PROVIDED DATA: Begin

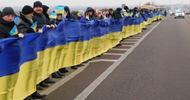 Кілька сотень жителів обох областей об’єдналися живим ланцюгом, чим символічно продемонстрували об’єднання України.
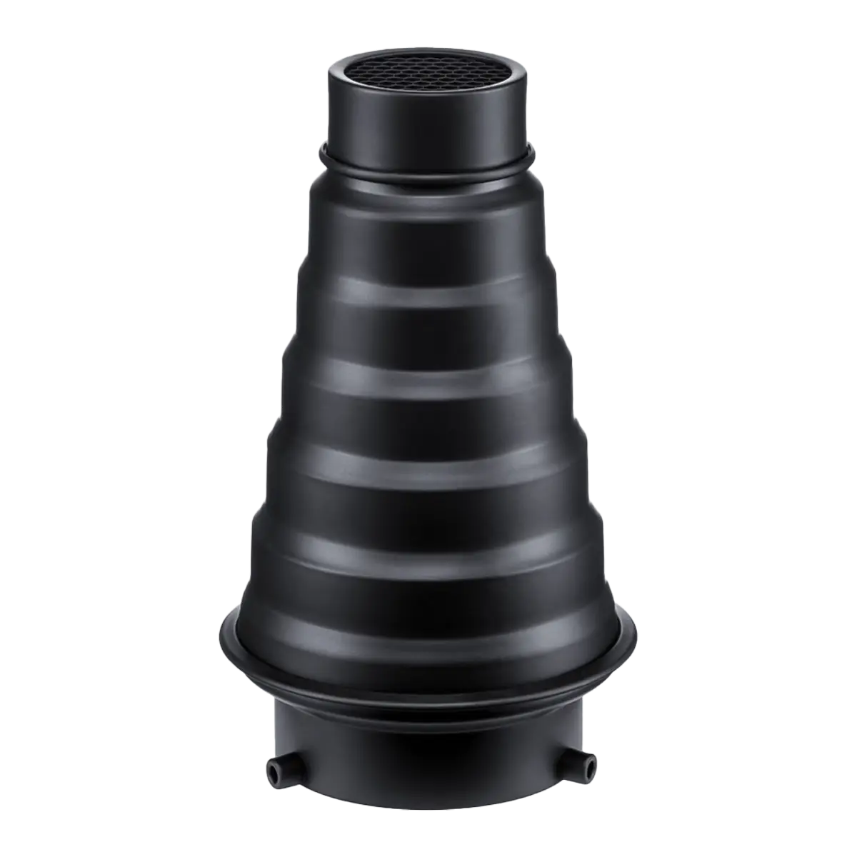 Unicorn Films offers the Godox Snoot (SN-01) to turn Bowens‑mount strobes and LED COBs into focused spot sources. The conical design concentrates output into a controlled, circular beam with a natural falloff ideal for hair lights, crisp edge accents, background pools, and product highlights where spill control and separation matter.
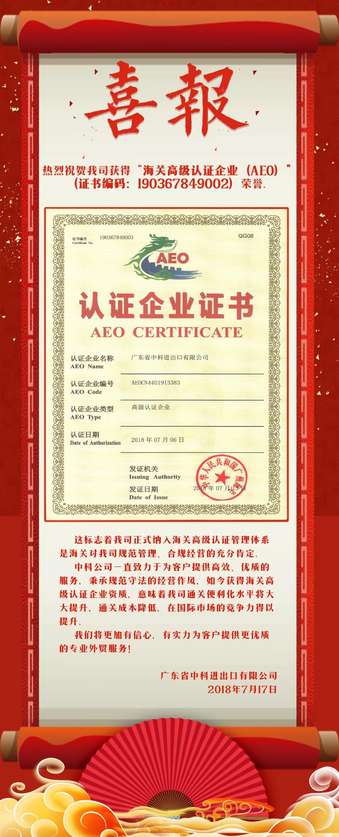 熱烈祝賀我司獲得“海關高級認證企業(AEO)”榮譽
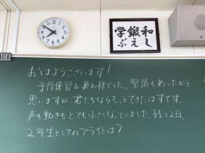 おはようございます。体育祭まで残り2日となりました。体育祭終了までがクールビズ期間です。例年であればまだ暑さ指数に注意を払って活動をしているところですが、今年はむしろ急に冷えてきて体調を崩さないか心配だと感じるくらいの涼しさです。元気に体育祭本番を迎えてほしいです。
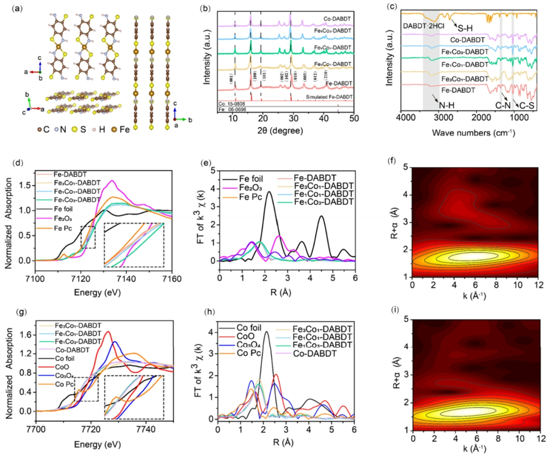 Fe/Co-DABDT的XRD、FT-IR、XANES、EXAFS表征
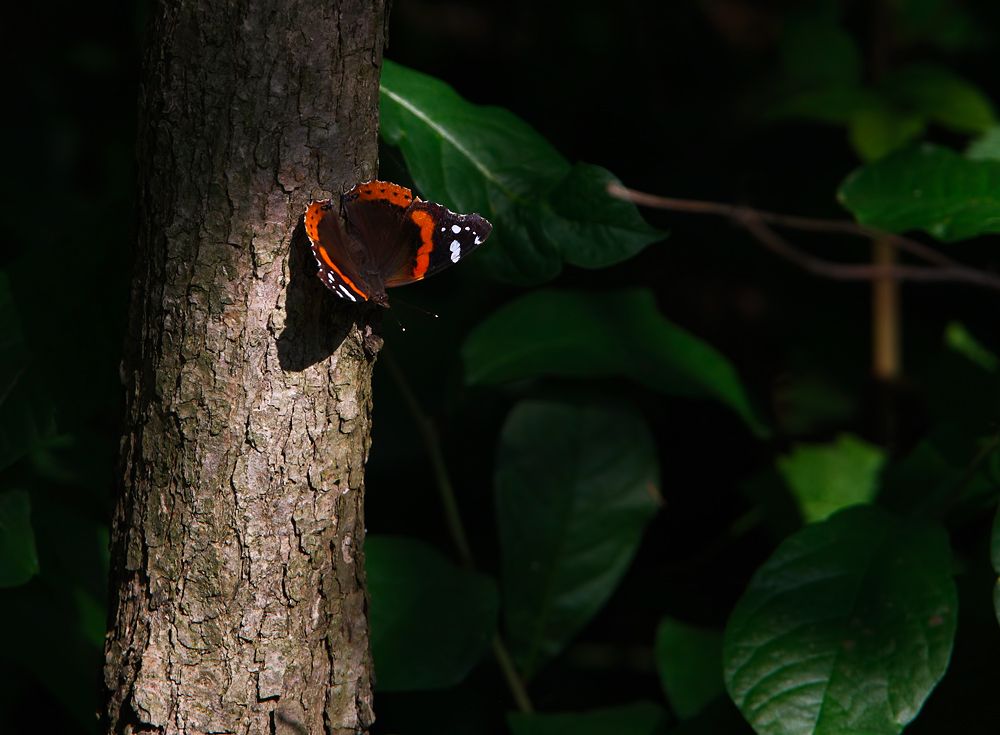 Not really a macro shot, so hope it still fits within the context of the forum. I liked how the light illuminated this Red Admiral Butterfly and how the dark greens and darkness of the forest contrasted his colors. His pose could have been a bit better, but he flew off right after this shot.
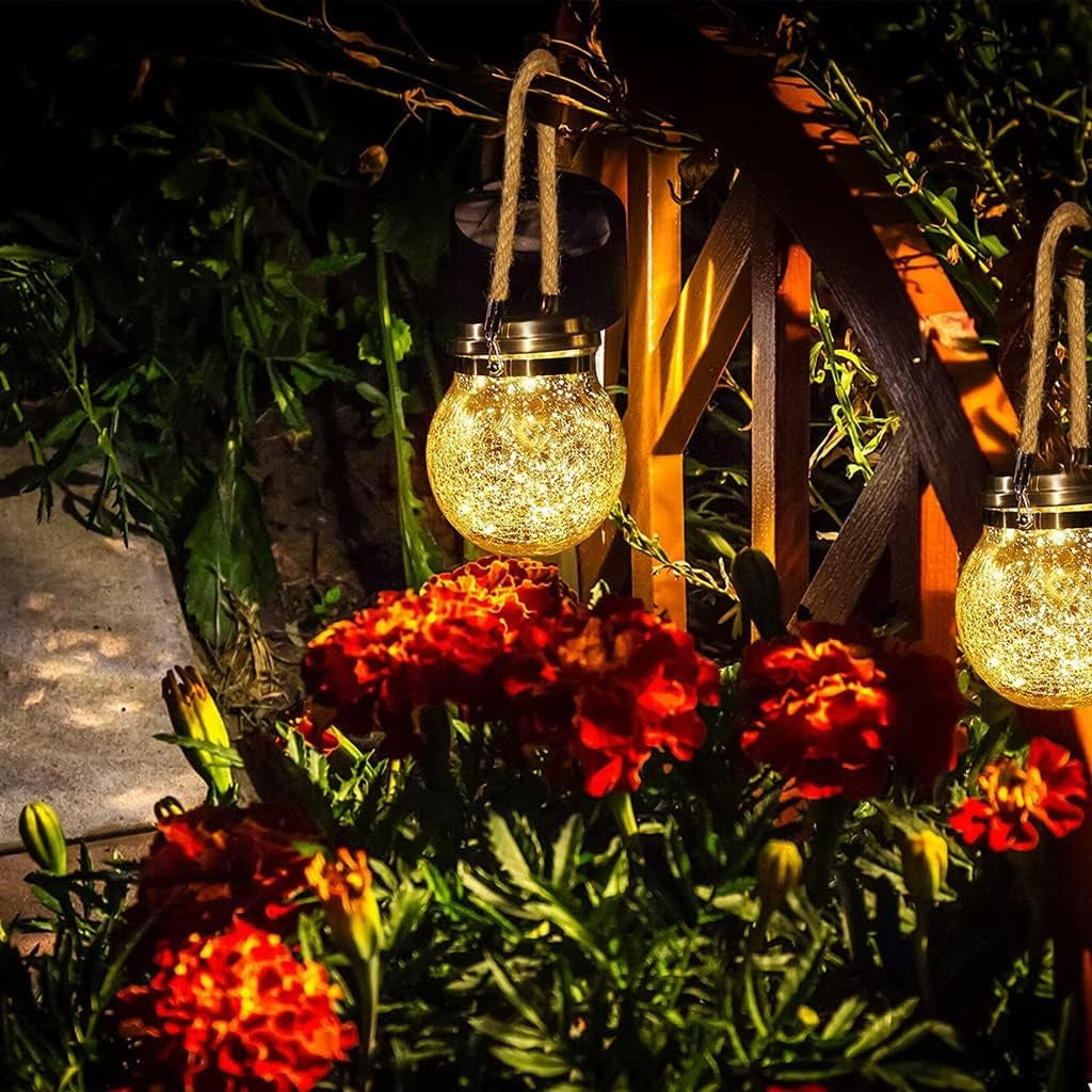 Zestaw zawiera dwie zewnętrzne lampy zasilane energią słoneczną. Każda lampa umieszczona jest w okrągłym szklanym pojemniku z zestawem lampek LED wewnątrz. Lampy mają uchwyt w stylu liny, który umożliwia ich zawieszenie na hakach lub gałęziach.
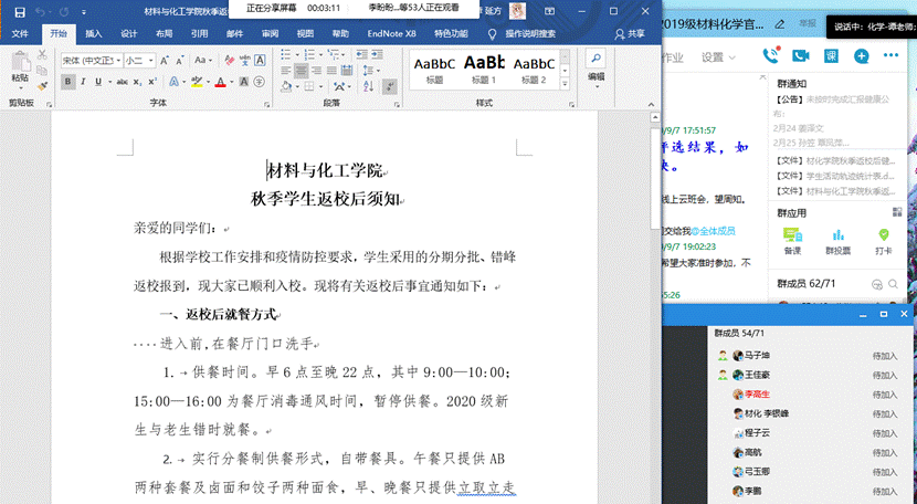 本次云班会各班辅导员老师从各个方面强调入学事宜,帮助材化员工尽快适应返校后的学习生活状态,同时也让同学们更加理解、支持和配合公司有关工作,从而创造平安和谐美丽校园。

PROVIDED DATA: End

** WHAT YOU NEED TO DO **
Return every entry above exactly as written, with no pictures included.

** YOUR SOLUTION **
 Кілька сотень жителів обох областей об’єдналися живим ланцюгом, чим символічно продемонстрували об’єднання України.
 Unicorn Films offers the Godox Snoot (SN-01) to turn Bowens‑mount strobes and LED COBs into focused spot sources. The conical design concentrates output into a controlled, circular beam with a natural falloff ideal for hair lights, crisp edge accents, background pools, and product highlights where spill control and separation matter.
 熱烈祝賀我司獲得“海關高級認證企業(AEO)”榮譽
 おはようございます。体育祭まで残り2日となりました。体育祭終了までがクールビズ期間です。例年であればまだ暑さ指数に注意を払って活動をしているところですが、今年はむしろ急に冷えてきて体調を崩さないか心配だと感じるくらいの涼しさです。元気に体育祭本番を迎えてほしいです。
 Fe/Co-DABDT的XRD、FT-IR、XANES、EXAFS表征
 Not really a macro shot, so hope it still fits within the context of the forum. I liked how the light illuminated this Red Admiral Butterfly and how the dark greens and darkness of the forest contrasted his colors. His pose could have been a bit better, but he flew off right after this shot.
 Zestaw zawiera dwie zewnętrzne lampy zasilane energią słoneczną. Każda lampa umieszczona jest w okrągłym szklanym pojemniku z zestawem lampek LED wewnątrz. Lampy mają uchwyt w stylu liny, który umożliwia ich zawieszenie na hakach lub gałęziach.
 本次云班会各班辅导员老师从各个方面强调入学事宜,帮助材化员工尽快适应返校后的学习生活状态,同时也让同学们更加理解、支持和配合公司有关工作,从而创造平安和谐美丽校园。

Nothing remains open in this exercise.